As I glanced toward the intersection, I saw 'Susan' standing and waiting for an as of yet unknown guy to pick her up to 'do a date.'  I organized each of my items for her into an earth-friendly vanilla-scented plastic bag and walked over to her.  Two seconds earlier, a white minivan with Delaware tags pulled down 'That Street.'  Susan walked toward the passenger side.  As she did so, I called out to her from about 20 feet away and asked her if I could give her the bag.  With a smile of appreciation, she said she would be right back and to hold it for her if I was willing.  She hopped in that white minivan with Delaware tags and off they went.

True to her word, a few minutes later, she hopped out of that white minivan with Delaware tags at the corner of 'This and Another That Streets' one block south.  She slipped her new money into her pocket as she walked toward me.  I gave her the bag as the guy drove off in his white minivan with Delaware tags.

As I gave her the bag, with all the casualness of a morning conversation over coffee, 'Susan' started talking about the hazards of 'doing dates' and life on the streets in general.  The details she shared were frightening.  I asked her if the high that she gets from the drugs is so good that it makes the hazards somehow worth it.

"Absolutely Not!"  She declared. "I rarely get high anymore."  She added.

"So what keeps you doing this?"  I asked.

Her answer was amazingly simple.

"It's the disease itself."[1]

Now hold that thought for a bit…

 

The very next day, I parked right at the intersection of 'This and That Streets.'  'Susan' was standing there waiting for yet another as of yet unknown guy to pick her up to 'do a date.'  We greeted each other as I handed her another banana, water, and song sheet.  I thanked her for sharing her thoughts with me the day before.  I told her that I found her answer "It's the disease itself." to be so to the point and profound. 

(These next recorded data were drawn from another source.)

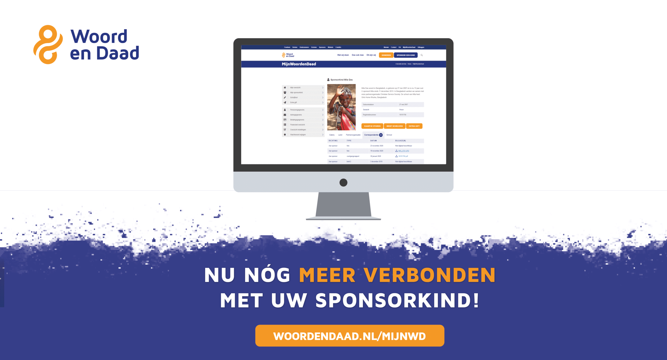 Kortom, via uw eigen MijnWoordenDaad-account heeft u alle informatie over uw sponsoring bij de hand. Het is de snelste, eenvoudigste én leukste manier om op de hoogte te blijven van uw sponsorkind!
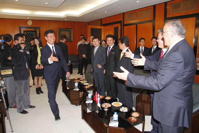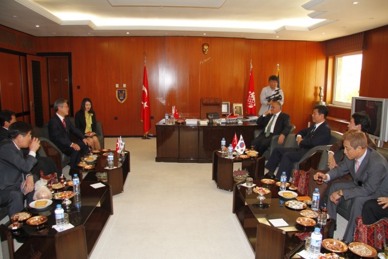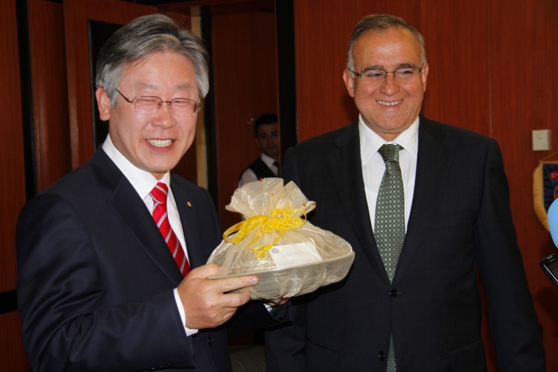 Büyükşehir Belediyesi Meclis Salonu Fuayesinde gerçekleştirilen imza töreni öncesi Seongnam Şehri Belediye Başkanı Jaemyung Lee, Belediye Başkan Yardımcısı Kwangeun Ji ve belediye heyeti Başkan Güzelbeyi makamında ziyaret etti.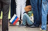 Генеральная репетиция военно-морского парада в честь Дня Военно-морского Флота (ВМФ) России в акватории реки Невы. Жанровая фотография. Ребенок сидит на земле в ожидании начала репетиции.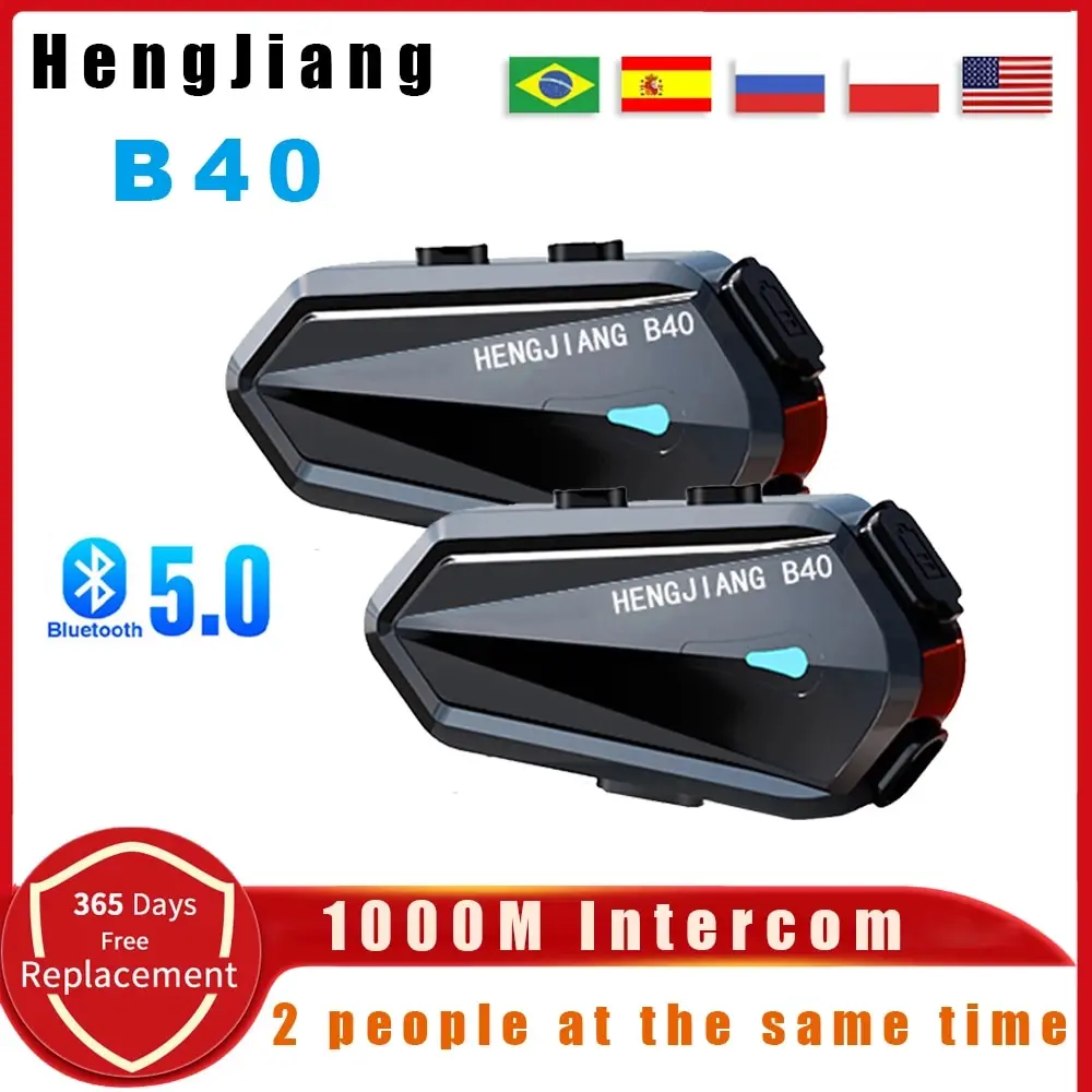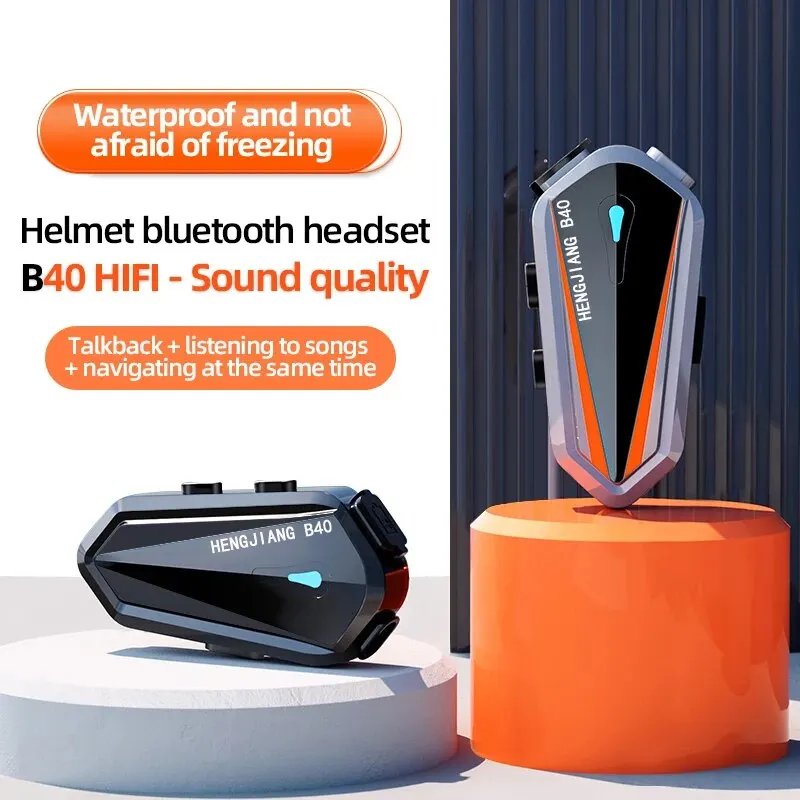 Comprar HENG JIANG-Auriculares Bluetooth B40 para casco, intercomunicador de 1000M, estéreo de mezcla, tipo C, IPX6, impermeable, 1600mAh, V5.3, reproductor MP3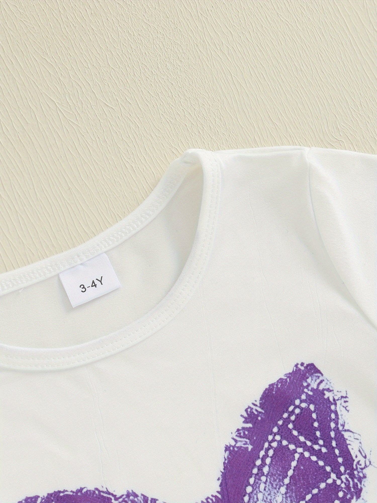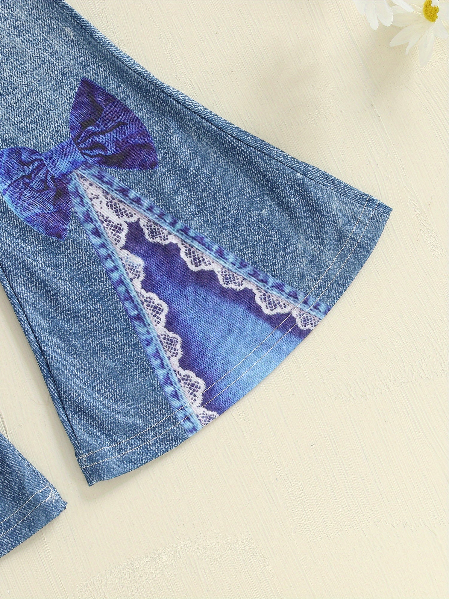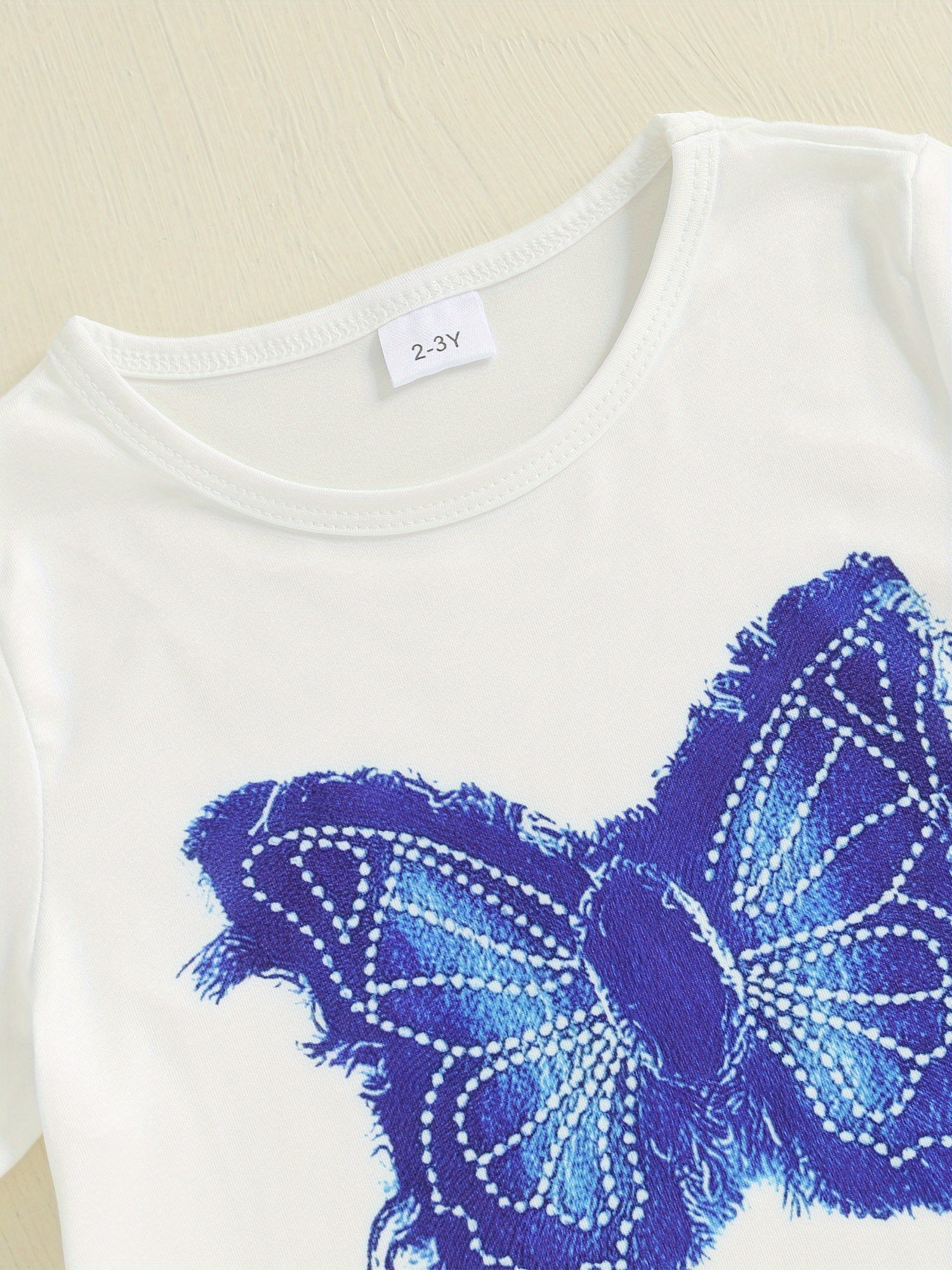 Little Toddler Girl Summer Outfit Butterfly Pattern Crew Neck Short Sleeve T-Shirt and Denim Bell Bottoms 2pcs Set, Perfect for Outdoor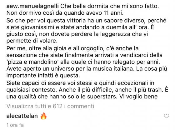 Che bella dormita che mi sono fatto. Non dormivo così da quando avevo undici anni. So che per voi questa vittoria ha un sapore diverso. Siete giovanissimi e state andando a duemila all’ora. E’ giusto così. Non dovete perdere la leggerezza che vi permette di volare. Per me, oltre alla gioia e all’orgoglio, c’è anche la sensazione che siate finalmente arrivati a vendicarci della “pizza e mandolino” alla quale ci hanno relegato per anni. Avete aperto un universo per la musica italiana. La cosa più importante infatti è questa. Siete capaci di essere voi stessi in qualsiasi contesto, anche il più difficile, anche il più trash. E’ una qualità che hanno solo le superstars. Vi voglio bene.

I then asked her how she handles the risks to herself when dealing with potentially dangerous men while 'doing dates.'

Again, her answer caught my attention and it should you as well…

"My husband watches me as I get into each car.  He writes down the car description and license plate.  If I come up missing, he'll at least have that information to share with authorities."

Did you read that?  "My husband watches me as I get into each car…"

WOW!

What other disease requires its sufferers to 'do dates' and, in the case of a married couple, engage in open adultery while the other spouse is forced to watch her leave and take notes regarding the car in which the act of adultery will take place?

'Susan' recognizes that she has a disease.[2] 

The disease is not making this requirement of its sufferers!

When will the powers that be within the realm of Medicaid-based health care recognize these people as having a disease and begin to treat them as patients with the dignity and respect that they deserve and do so in a prompt manner?



[1] "Substance Use Disorder" is the official title.

[2] Her husband also has the disease and lives on the street with her.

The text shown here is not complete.